What is the point of norm.fit in scipy?

Im generating a random sample of data and plotting its pdf using scipy.stats.norm.fit to generate my loc and scale parameters.

I wanted to see how different my pdf would look like if I just calculated the mean and std using numpy without any actual fitting. To my surprise when I plot both pdfs and print both sets of mu and std the results I get are exactly the same. So my question is, what is the point of norm.fit if I can just calculate the mean and std of my sample and still get the same results?

This is my code:

import numpy as np
from scipy.stats import norm
import matplotlib.pyplot as plt

data = norm.rvs(loc=0,scale=1,size=200)

mu1 = np.mean(data)

std1 = np.std(data)

print(mu1)
print(std1)

mu, std = norm.fit(data)

plt.hist(data, bins=25, density=True, alpha=0.6, color='g')

xmin, xmax = plt.xlim()
x = np.linspace(xmin, xmax, 100)
p = norm.pdf(x, mu, std)
q = norm.pdf(x, mu1, std1)
plt.plot(x, p, 'k', linewidth=2)
plt.plot(x, q, 'r', linewidth=1)
title = "Fit results: mu = %.5f,  std = %.5f" % (mu, std)
plt.title(title)

plt.show()

And this is the results I got:

Pdf of a random set of values

mu1 = 0.034824979915482716

std1 = 0.9945453455908072

Upvotes: 8

Views: 21460

Answers (1)

Arya McCarthy
Arya McCarthy

Reputation: 8814

The point is that there are several other distributions out there besides the normal distribution.

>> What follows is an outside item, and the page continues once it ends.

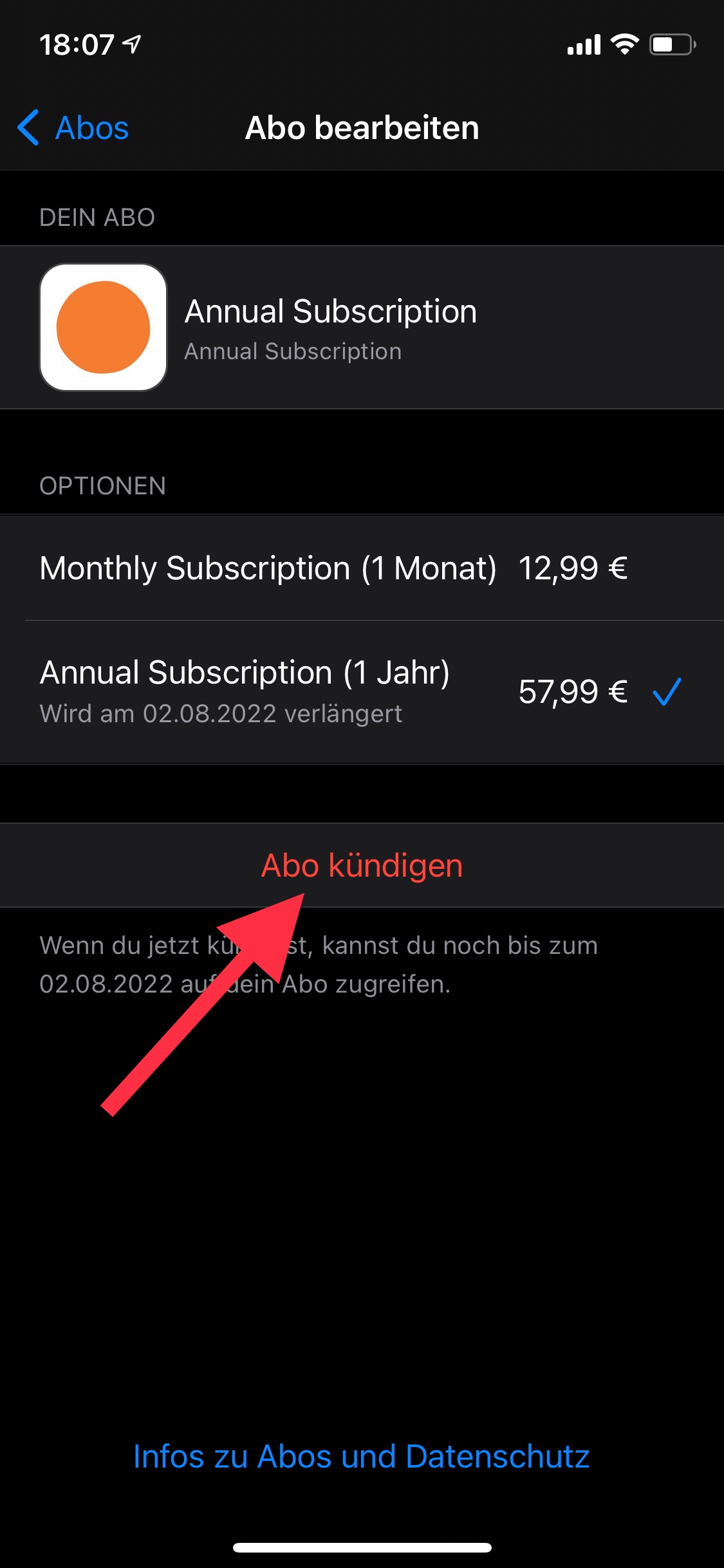 Dein Abo sollte unter "Aktiv" aufgelistet sein. Unter deinem Abo sollte dann entweder "Wird am [Datum] verlängert" oder "Läuft am [Datum] ab" angezeigt. Letzteres bedeutet, dass dein Abonnement bereits gekündigt ist und du nichts weiter unternehmen musst. Sollte der erste Text angezeigt werden, dann musst du auf das entsprechende Produkt tippen, ganz nach unten scrollen und dort "Abo kündigen" auswählen.
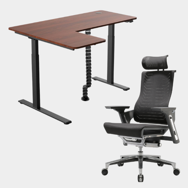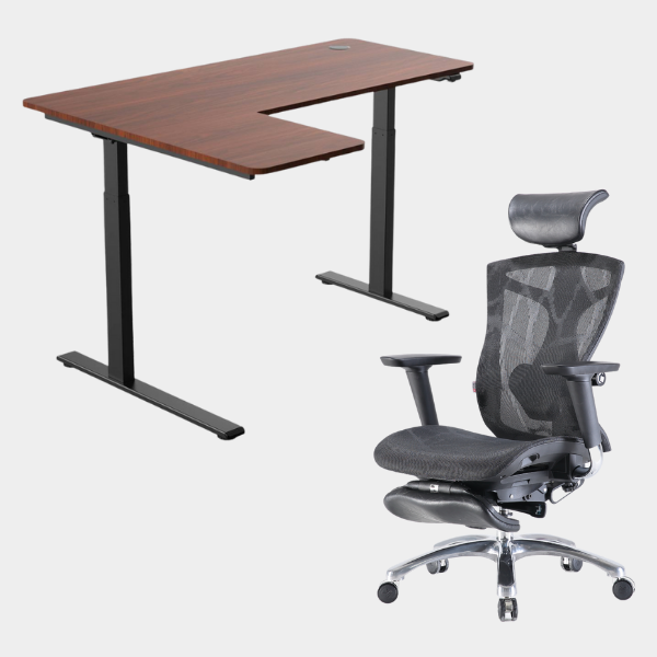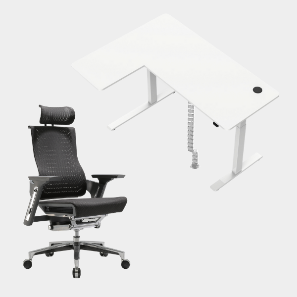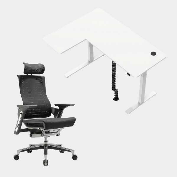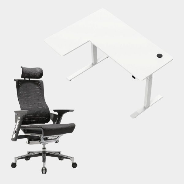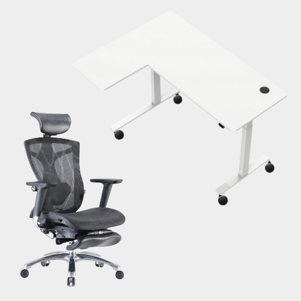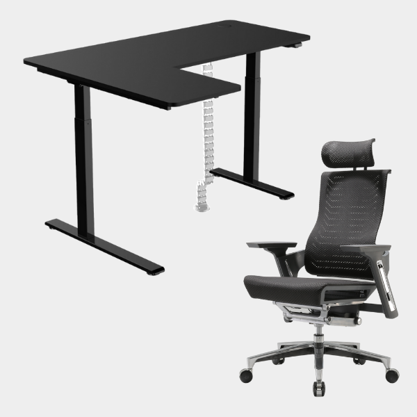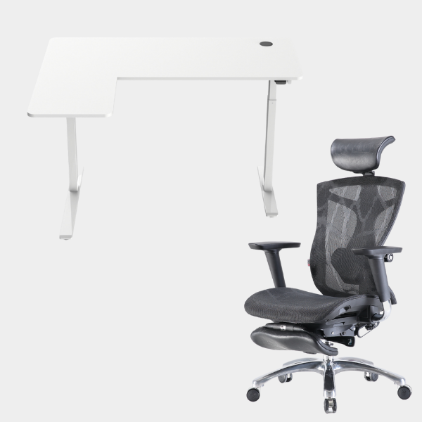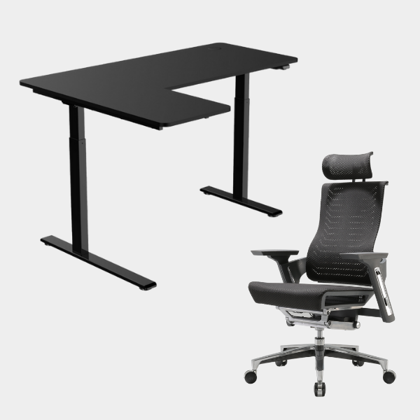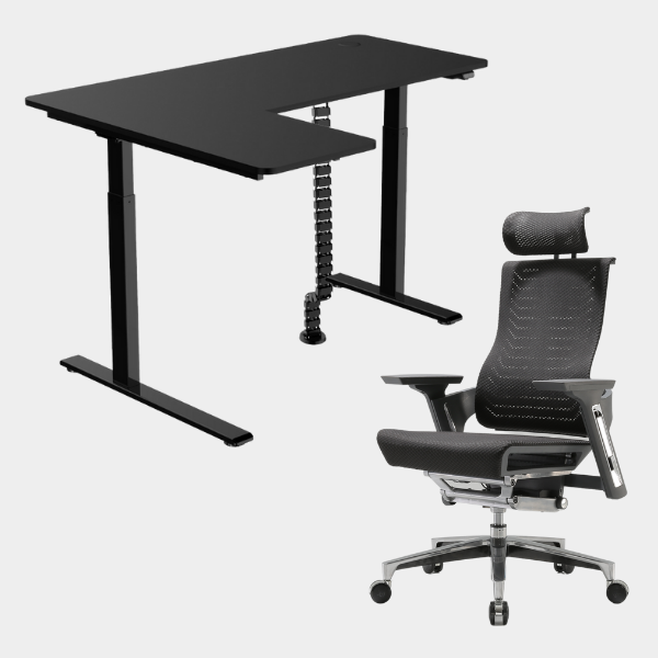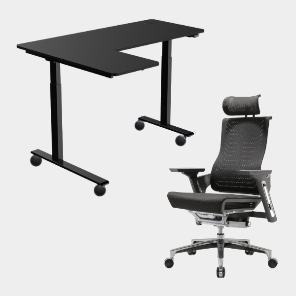 The L-shaped ergonomic height-adjustable design provides extensive space for work and play.

Scipy provides a consistent API for learning the parameters of these distributions from data. (Want an exponential distribution instead of a normal distribution? It’s scipy.stats.expon.fit.)

So sure, your way also works because the parameters of the normal distribution happen to be the mean and standard deviation. But this is about providing a consistent interface across distributions, including ones where that’s not true.